■ Exercise requirements
What must be handed in is the entire listing, exactly as written, with no pictures.

____________________

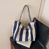 Striped large capacity canvas tote bag women's shoulder bag
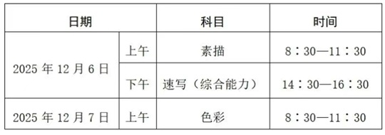 浙江省2026年高考美術(shù)與設(shè)計類省統(tǒng)考將于2025年12月6日—7日舉行。考生須帶齊必要證件,做好赴考準備。一起來看考前提醒。
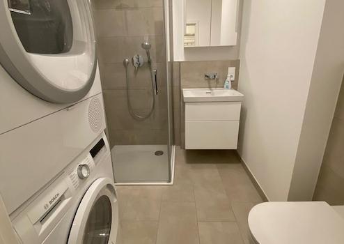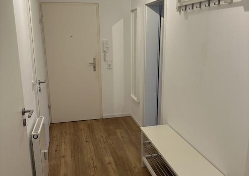 Die Wohnung bietet eine moderne Einbauküche, ein saniertes Badezimmer mit Waschmaschine und Trockner sowie einen gepflegten Gemeinschaftsflur mit Garderobe.
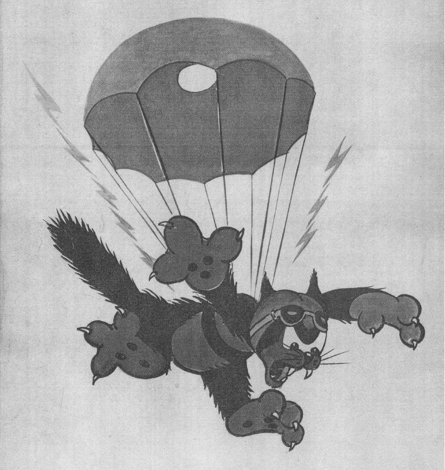 The wildcat parachute artwork found in the 503rd Parachute Battalion yearbook published February 1942.
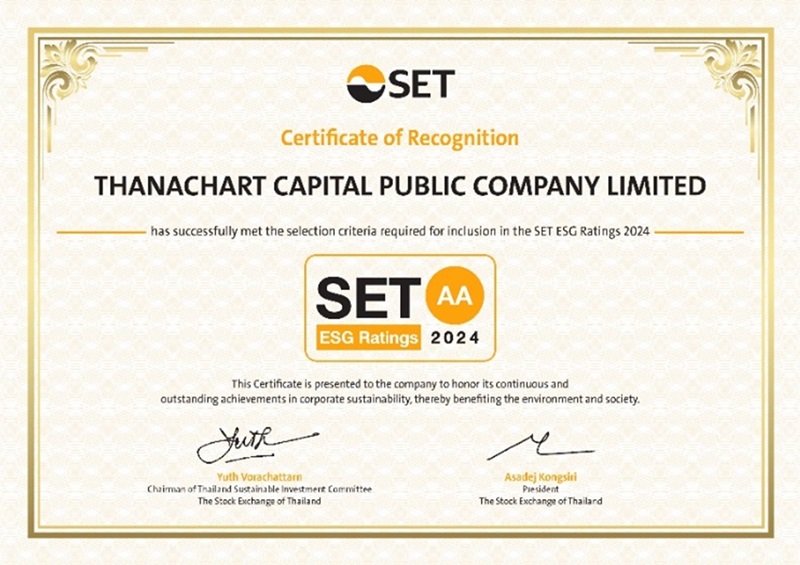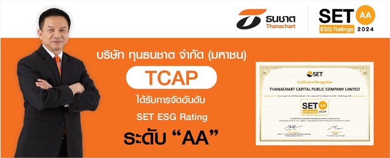 บริษัท ทุนธนชาต จำกัด (มหาชน) หรือ TCAP ได้รับการประเมินหุ้นยั่งยืน “SET ESG Ratings” ในระดับ “AA” ประจำปี 2567 โดยอันดับ ESG Rating เพิ่มขึ้นจากปีก่อนที่ระดับ A และอยู่ในรายชื่อหุ้นยั่งยืนต่อเนื่องเป็นปีที่ 2 ซึ่งเป็น 1 ใน 228 บริษัทที่ได้รับการประกาศผลประเมินหุ้นยั่งยืน SET ESG Ratings จากตลาดหลักทรัพย์แห่งประเทศไทย แสดงให้เห็นถึงพัฒนาการที่สำคัญในการดำเนินงานด้านความยั่งยืน รวมทั้งให้ความสำคัญกับการมีส่วนร่วมของผู้มีส่วนได้เสียทุกกลุ่มโดยคำนึงถึงสังคม สิ่งแวดล้อม และมีการบริหารงานตามหลักบรรษัทภิบาล (Environmental, Social and Governance หรือ ESG) ของ TCAP ที่ผ่านมา โดย TCAP ยังคงมุ่งมั่นในการพัฒนาเพื่อยกระดับการดำเนินงานด้านความยั่งยืน เพิ่มขีดความสามารถใน การแข่งขัน สร้างโอกาสและผลตอบแทนที่ดีให้แก่ผู้ลงทุนในระยะยาวอย่างต่อเนื่อง
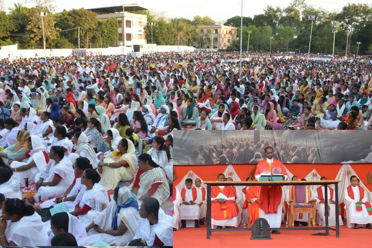 Good Friday 2024: रांची-गुड फ्राइडे (पुण्य शुक्रवार) की आराधना आज शुक्रवार को लोयला मैदान में हुई. शाम 4:30 बजे से हुई इस आराधना में मुख्य अनुष्ठक आर्चबिशप विसेंट आईंद थे. आराधना के दौरान अपने उपदेश में आर्चबिशप ने कहा कि हम ख्रीस्तीयों के लिए गुड फ्राइडे यीशु को धन्यवाद करने का दिन है. धन्यवाद इसलिए क्योंकि हम सबके बदले उन्होंने खुद को क्रूस पर अर्पित कर दिया. इससे पूर्व पुरोहितों ने आज के समारोह की धर्म विधि पूरी की. मौके पर फादर आनंद डेविड सहित अन्य पुरोहित, संत अल्बर्ट के फादर व बड़ी संख्या में आम विश्वासी शामिल थे.
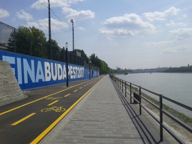 A sétány mentén elhelyezkedő támfalakat a világbajnokság arculati elemeivel festették meg, a partszakasz büszkén hirdeti Budapest és Magyarország történetének eddigi legnagyobb sporteseményét.

____________________

■ Task answer
 Striped large capacity canvas tote bag women's shoulder bag
 浙江省2026年高考美術(shù)與設(shè)計類省統(tǒng)考將于2025年12月6日—7日舉行。考生須帶齊必要證件,做好赴考準備。一起來看考前提醒。
 Die Wohnung bietet eine moderne Einbauküche, ein saniertes Badezimmer mit Waschmaschine und Trockner sowie einen gepflegten Gemeinschaftsflur mit Garderobe.
 The wildcat parachute artwork found in the 503rd Parachute Battalion yearbook published February 1942.
 บริษัท ทุนธนชาต จำกัด (มหาชน) หรือ TCAP ได้รับการประเมินหุ้นยั่งยืน “SET ESG Ratings” ในระดับ “AA” ประจำปี 2567 โดยอันดับ ESG Rating เพิ่มขึ้นจากปีก่อนที่ระดับ A และอยู่ในรายชื่อหุ้นยั่งยืนต่อเนื่องเป็นปีที่ 2 ซึ่งเป็น 1 ใน 228 บริษัทที่ได้รับการประกาศผลประเมินหุ้นยั่งยืน SET ESG Ratings จากตลาดหลักทรัพย์แห่งประเทศไทย แสดงให้เห็นถึงพัฒนาการที่สำคัญในการดำเนินงานด้านความยั่งยืน รวมทั้งให้ความสำคัญกับการมีส่วนร่วมของผู้มีส่วนได้เสียทุกกลุ่มโดยคำนึงถึงสังคม สิ่งแวดล้อม และมีการบริหารงานตามหลักบรรษัทภิบาล (Environmental, Social and Governance หรือ ESG) ของ TCAP ที่ผ่านมา โดย TCAP ยังคงมุ่งมั่นในการพัฒนาเพื่อยกระดับการดำเนินงานด้านความยั่งยืน เพิ่มขีดความสามารถใน การแข่งขัน สร้างโอกาสและผลตอบแทนที่ดีให้แก่ผู้ลงทุนในระยะยาวอย่างต่อเนื่อง
 Good Friday 2024: रांची-गुड फ्राइडे (पुण्य शुक्रवार) की आराधना आज शुक्रवार को लोयला मैदान में हुई. शाम 4:30 बजे से हुई इस आराधना में मुख्य अनुष्ठक आर्चबिशप विसेंट आईंद थे. आराधना के दौरान अपने उपदेश में आर्चबिशप ने कहा कि हम ख्रीस्तीयों के लिए गुड फ्राइडे यीशु को धन्यवाद करने का दिन है. धन्यवाद इसलिए क्योंकि हम सबके बदले उन्होंने खुद को क्रूस पर अर्पित कर दिया. इससे पूर्व पुरोहितों ने आज के समारोह की धर्म विधि पूरी की. मौके पर फादर आनंद डेविड सहित अन्य पुरोहित, संत अल्बर्ट के फादर व बड़ी संख्या में आम विश्वासी शामिल थे.
 A sétány mentén elhelyezkedő támfalakat a világbajnokság arculati elemeivel festették meg, a partszakasz büszkén hirdeti Budapest és Magyarország történetének eddigi legnagyobb sporteseményét.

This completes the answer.